Home

Awesome

GitHut

GitHut (http://githut.info) is an attempt to visualize and explore the complexity of the universe of programming languages used across the repositories hosted on GitHub.

Programming languages are not simply the tool developers use to create programs or express algorithms but also instruments to code and decode creativity. By observing the history of languages we can enjoy the quest of humankind for a better way to solve problems, to facilitate collaboration between people and to reuse the effort of others.

Github is the largest code host in the world, with 3.5 million users. It's the place where the open-source development community offers access to most of its projects. By analyzing how languages are used in GitHub it is possible to understand the popularity of programming languages among developers and also to discover the unique characteristics of each language.

The visualization is based on two type of visualization: a Parallel Coordinates chart and a Small Multiples visualization.

Data is from Github Archive (http://www.githubarchive.org/).

Web Site

GitHut is published at http://githut.info

Queries

GitHub Archive data is also available on Google BigQuery.
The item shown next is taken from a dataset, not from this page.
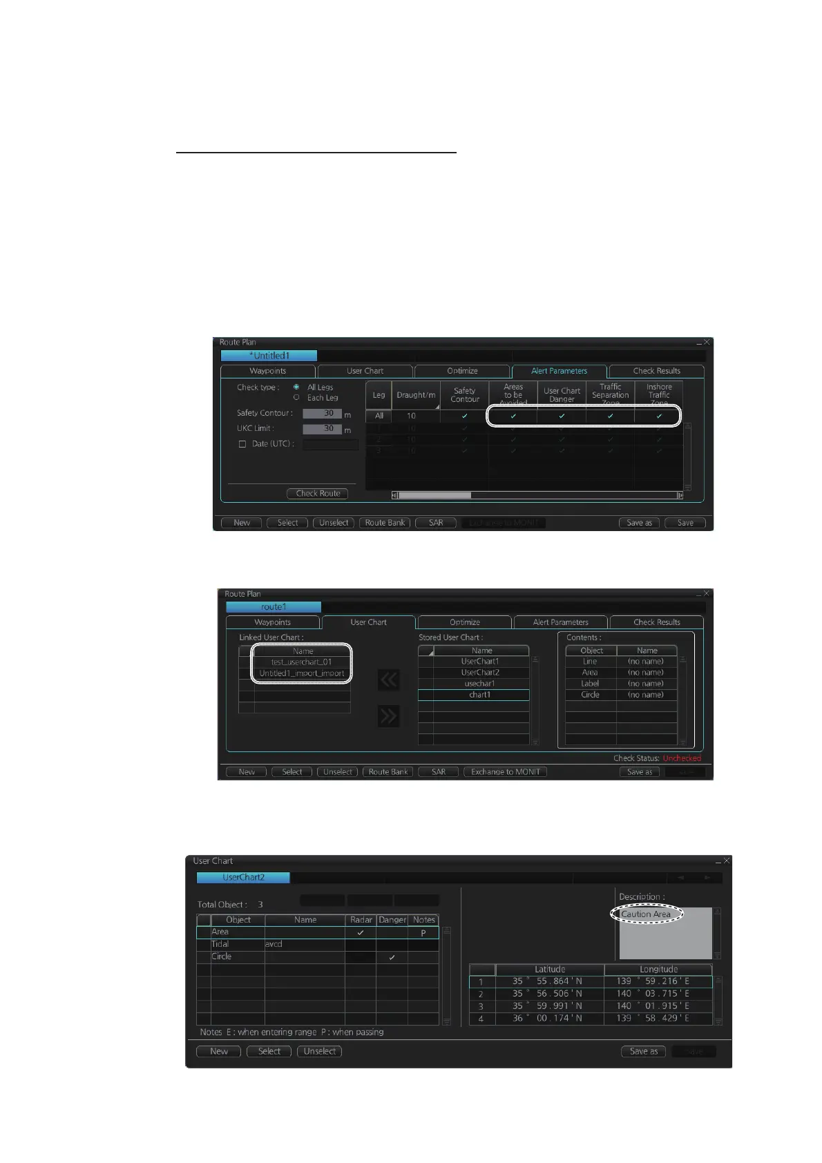 route, on the [User Chart] dialog box (click the [Planning] button then click the [User

Below are the two queries used to collect the data for the Parallel Coordinates and Small Multiples visualizations:

Parallel Coordinates

Multiple information grouped by language for a defined quarter

SELECT 
  repository_language,
  type,
  COUNT(distinct(repository_url)) AS active_repos_by_url,
  COUNT(repository_language) AS events,
  YEAR(created_at) AS year,
  QUARTER(created_at) AS quarter
FROM [githubarchive:github.timeline]
WHERE
    (
      type = 'PushEvent'
      OR type = 'ForkEvent'
      OR (type = 'IssuesEvent' AND (payload_action="opened" OR payload_action=="reopened"))
      OR (type = 'CreateEvent' AND payload_ref_type="repository")
      OR type = 'WatchEvent'
    )
    AND repository_language !=''
    AND repository_url != ''
    AND YEAR(created_at)= 2014
    AND QUARTER(created_at)=1
GROUP BY 
  repository_language,
  type,
  year,
  quarter

Small Multiples

Count of active repositories by quarter

SELECT
  repository_language,
  COUNT(distinct(repository_url)) AS active_repos_by_url,
  YEAR(created_at) AS year,
  QUARTER(created_at) AS quarter,
FROM [githubarchive:github.timeline]
WHERE
    type="PushEvent"
GROUP BY
  repository_language,
  year,
  quarter
ORDER BY
  repository_language,
  year DESC,
  quarter DESC

License

The content of this project itself is licensed under the Creative Commons Attribution 4.0 license, and the underlying source code used to format and display that content is licensed under the MIT license.